The boat swung around again behind her. What was he waiting for? Tiffany choked again on lake water, daring to look over her shoulder.

She wished she hadn’t.

The Slasher’s right arm disappeared inside the boat.

And reappeared with an axe.

Tiffany pushed her aching muscles harder.

The summer camp’s dock was so close. The rope and buoys that marked off the swimming area were nearly in reach.

If she could slip under one of those, the boat couldn’t follow, could it?

He’d have to switch off the outboard motor or else the rope would get tangled.

The boat roared, a wild beast closing in for the kill. Tiffany’s skin went white-cold with terror. The Mary Lou tore through the water, eating up the distance between them.

The shark was done playing with his food.

As the Slasher stood and raised the axe, Tiffany screamed and launched herself into her award-winning front crawl. Her right arm came up over her head—and never made it down.

Not in one piece, anyway.

Tiffany floundered, suddenly off-balance, tasting her own blood in the water as pain seared across the jagged stump where her right forearm should’ve been.

Panic blinded her, or it could’ve been the fathomless darkness of the surrounding lake and the sky.

Was she even going in the right direction anymore?

She kicked violently, a desperate mermaid trying to writhe away from the shark. From the greedy bite of the axe.

It was no good.

The axe came down again, and again. Carving off pieces of her with its hunger. Her swollen ankle, sheared off like dead wood. Her right leg at the knee, making a shockingly sharp crack that echoed all around them.
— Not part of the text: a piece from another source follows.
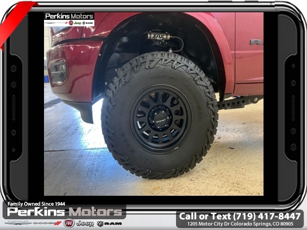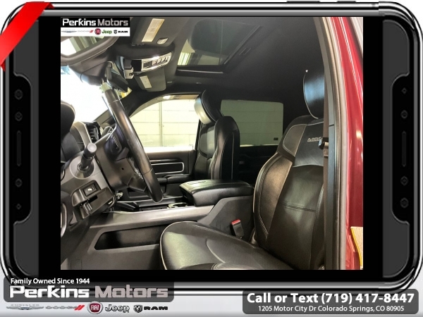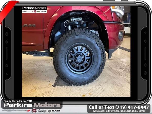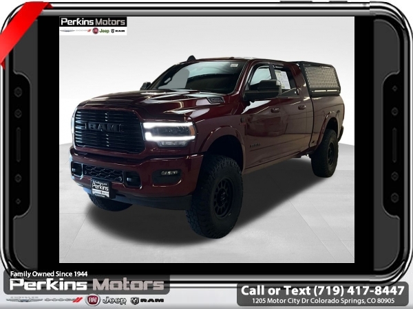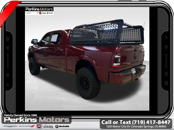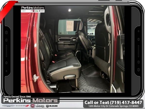 Delmonico Red Pearlcoat 4WD Cummins 6.7L I6 Turbodiesel 6-Speed Automatic<br><br><br>Check us out at www.perkinsmotors.com to see our specials! Since opening our doors in 1944, we’ve been proud to serve Colorado Springs, CO, and the surrounding areas of Pueblo, Castle Rock and Denver, CO. Throughout this time of being family owned for 80 years, we’ve maintained a firm commitment to our customers: to offer a wide selection of New Chrysler, Dodge, Fiat, Jeep, and Ram vehicles and quality pre-owned vehicles, and provide a quick, no-hassle car-buying process that ensures everyone drives off the lot satisfied with their purchase.<br><br><br>Awards:<br> * JD Power Initial Quality Study (IQS)<br><br>DOT Certified Roadside Safety Kit (2 Red Vinyl Flags, 3 Reflecting Triangles, DOT Fire Extinguisher, and Spare Fuses), Laramie Level 2 Equipment Group (DISC) (1-Year SiriusXM Guardian Trial, 17 Speaker harman kardon Premium Sound, 4G LTE Wi-Fi Hot Spot, 5-Year SiriusXM Traffic Service, 5-Year SiriusXM Travel Link Service, 8.4 Touchscreen Display, Apple CarPlay, Auto High Beam Headlamp Control, Blind Spot & Cross Path Detection (DISC), Disassociated Touchscreen Display, Exterior Mirrors w/Memory, Foam Bottle Insert (Door Trim Panel), For Details Visit DriveUconnect.com, Google Android Auto, GPS Antenna Input, GPS Navigation, HD Radio, Heated Second Row Seats, Integrated Center Stack Radio, Integrated Voice Command w/Bluetooth, Mirror-Mounted Aux Reverse Lamps, Off-Road Information Pages, Power Adjustable Convex Aux Mirrors, Power Adjustable Pedals w/Memory, Pwr Convenience Chrome Tow Mirrors w/Spotter & Memory, Radio: Uconnect 4C Nav w/8.4 Display, Radio/Driver Seat/Mirrors/Pedals Memory, Rain Sensitive Windshield Wipers, Remote Tailgate Release, Selectable Tire Fill Alert, SiriusXM Satellite Radio, SiriusXM Traffic Plus, SiriusXM Travel Link, and Ventilated Front Seats), Night Edition (Black Exterior Mirrors, Black Exterior Truck Badging, Black Headlamp Bezels, Black Interior Accents, Black RAM Head Tailgate Badge, Black Tail Lamp Bezels, Black Wheel Center Hub, Body Color Door Handles, Body Color Grille Surround, Gloss Black Grille Billets/Accents, Painted Front Bumper, Painted Rear Bumper, and Wheels: 20 x 8.0 Black Painted Aluminum), Off Road Package (Front Performance Tuned Shock Absorbers, Hill Descent Control, Off Road Decal, Rear Performance Tuned Shock Absorbers, and Tow Hooks), Protection Group, Quick Order Package 2HH Laramie, Safety Group (DISC) (Adaptive Cruise Control w/Stop, Adaptive Steering System, Digital Rearview Mirror, Full Speed Forward Collision Warning Plus, and Lane Keep Assist), Towing Technology Group (DISC) (Center Stop Lamp w/Cargo View Camera, Surround View Camera System, and Trailer Reverse Guidance), #1 Seat Foam Cushion, 10 Speakers, 115V Auxiliary Rear Power Outlet, 12 Touchscreen Display, 2 Way Rear Headrest Seat, 220 Amp Alternator, 3.73 Axle Ratio, 4 Way Front Headrests, 4-Wheel Disc Brakes, ABS brakes, Active Noise Control System, Adjustable pedals, Air Conditioning, Alloy wheels, AM/FM radio: SiriusXM, Anti-Spin Differential Rear Axle, Apple CarPlay/Android Auto, Auto-dimming Rear-View mirror, Automatic temperature control, Brake assist, Bumpers: chrome, Center Hub, Compass, Cruise Control, Delay-off headlights, Driver door bin, Driver vanity mirror, Dual front impact airbags, Dual front side impact airbags, Electronic Stability Control, Electronically Controlled Throttle, Front anti-roll bar, Front Center Armrest w/Storage, Front dual zone A/C, Front fog lights, Front License Plate Bracket, Front reading lights, Front Seat Back Map Pockets, Fully automatic headlights, Garage door transmitter, Heated door mirrors, Heated Front Seats, Heated front seats, Heated Steering Wheel, Heated steering wheel, High Back Seats, Illuminated entry, Leather steering wheel, Leather Trim 40/20/40 Bench Seat, Low tire pressure warning, Manufacturer's Statement of Origin, MOPAR Front & Rear Rubber Floor Mats, M

The blood-steeped lake filled Tiffany’s throat as she gasped.

Her body fought to go in one direction but the waves tugged her in the other, pulling at her partially severed right leg.
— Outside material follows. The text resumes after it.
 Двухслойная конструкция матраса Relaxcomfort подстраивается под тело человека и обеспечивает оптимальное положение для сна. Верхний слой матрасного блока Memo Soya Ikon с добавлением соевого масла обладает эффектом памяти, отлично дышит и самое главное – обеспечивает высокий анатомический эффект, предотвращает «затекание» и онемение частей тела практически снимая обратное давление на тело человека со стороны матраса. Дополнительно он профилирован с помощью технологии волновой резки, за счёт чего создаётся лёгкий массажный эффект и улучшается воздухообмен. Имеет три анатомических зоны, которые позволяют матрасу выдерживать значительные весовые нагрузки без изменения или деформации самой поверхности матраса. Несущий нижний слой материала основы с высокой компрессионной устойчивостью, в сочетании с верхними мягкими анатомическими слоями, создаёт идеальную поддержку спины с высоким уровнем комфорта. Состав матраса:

She nearly passed out as it dragged from the fractured knee socket, the last thread of skin stretching and tearing like taffy.

And finally her left arm, the fingers of her hand forming a claw above her head like she could drag herself across the water as if it were carpet.

The blade soared and her delicate wrist split like a wishbone, weakly spraying her face with warm blood.

Or maybe it was actually lake water, splashing up her nose as her struggling slowed.

Her last thought, as the blade buried itself in her back, was that it was a shame her funeral would be closed casket.